▶ Exercise directions: Leave the pictures out, and transcribe the material below exactly from the line with "Deliciosa omelete da" to the line with "ארוחת בוקר בופה היא מוגשת יום יום במסעדה.", both lines included.

====== Extracted entries ======

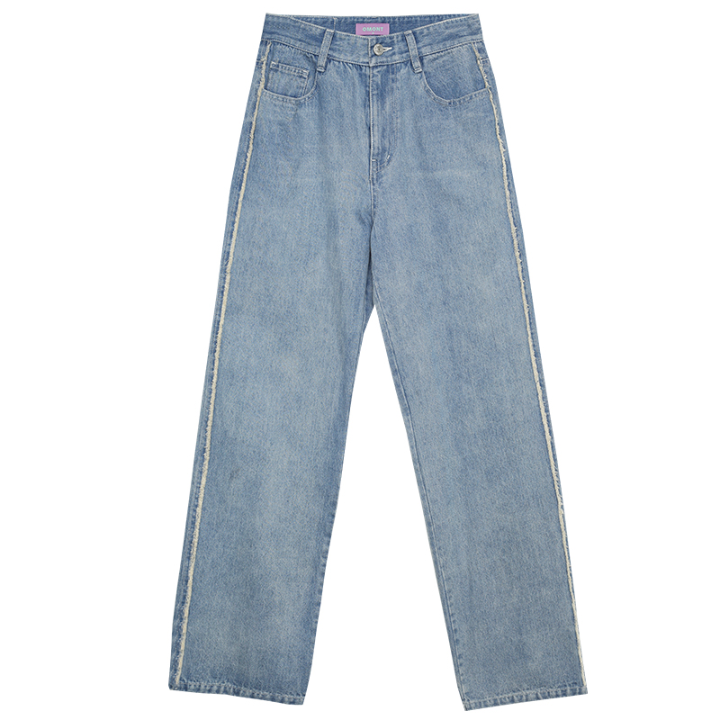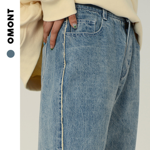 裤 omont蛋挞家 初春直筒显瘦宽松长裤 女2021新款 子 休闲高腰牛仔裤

======
====== Extracted entries ======

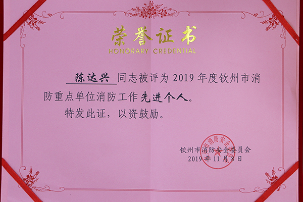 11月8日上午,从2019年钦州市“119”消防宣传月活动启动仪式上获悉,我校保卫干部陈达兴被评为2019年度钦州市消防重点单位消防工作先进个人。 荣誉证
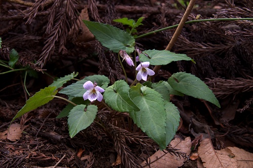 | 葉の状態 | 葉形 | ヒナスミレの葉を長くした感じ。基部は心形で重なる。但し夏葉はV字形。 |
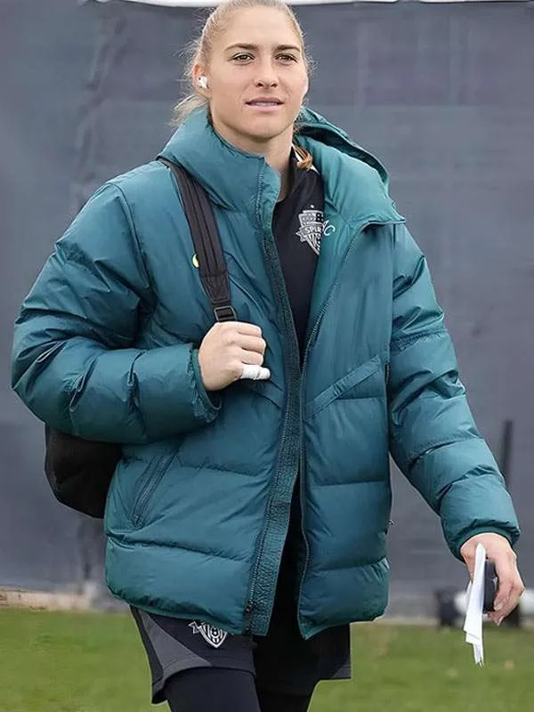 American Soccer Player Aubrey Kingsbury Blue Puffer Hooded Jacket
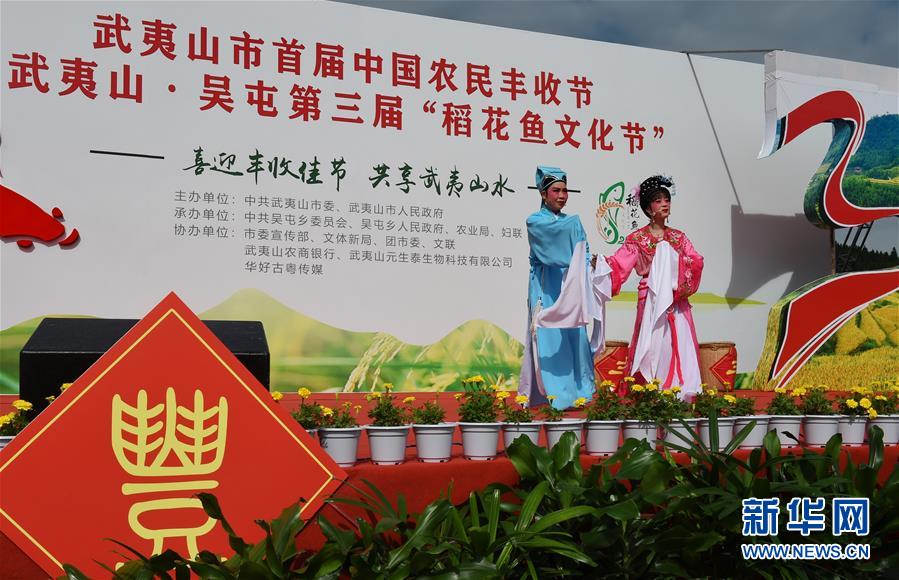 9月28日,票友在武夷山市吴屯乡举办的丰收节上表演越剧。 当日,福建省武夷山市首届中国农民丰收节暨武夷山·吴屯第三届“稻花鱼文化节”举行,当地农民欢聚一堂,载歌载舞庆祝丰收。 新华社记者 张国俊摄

======
====== Extracted entries ======

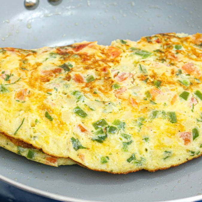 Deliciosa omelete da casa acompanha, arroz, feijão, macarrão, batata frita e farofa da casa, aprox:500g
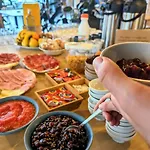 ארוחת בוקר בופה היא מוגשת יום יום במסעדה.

======

▶ Answer for the task:
 Deliciosa omelete da casa acompanha, arroz, feijão, macarrão, batata frita e farofa da casa, aprox:500g
 ארוחת בוקר בופה היא מוגשת יום יום במסעדה.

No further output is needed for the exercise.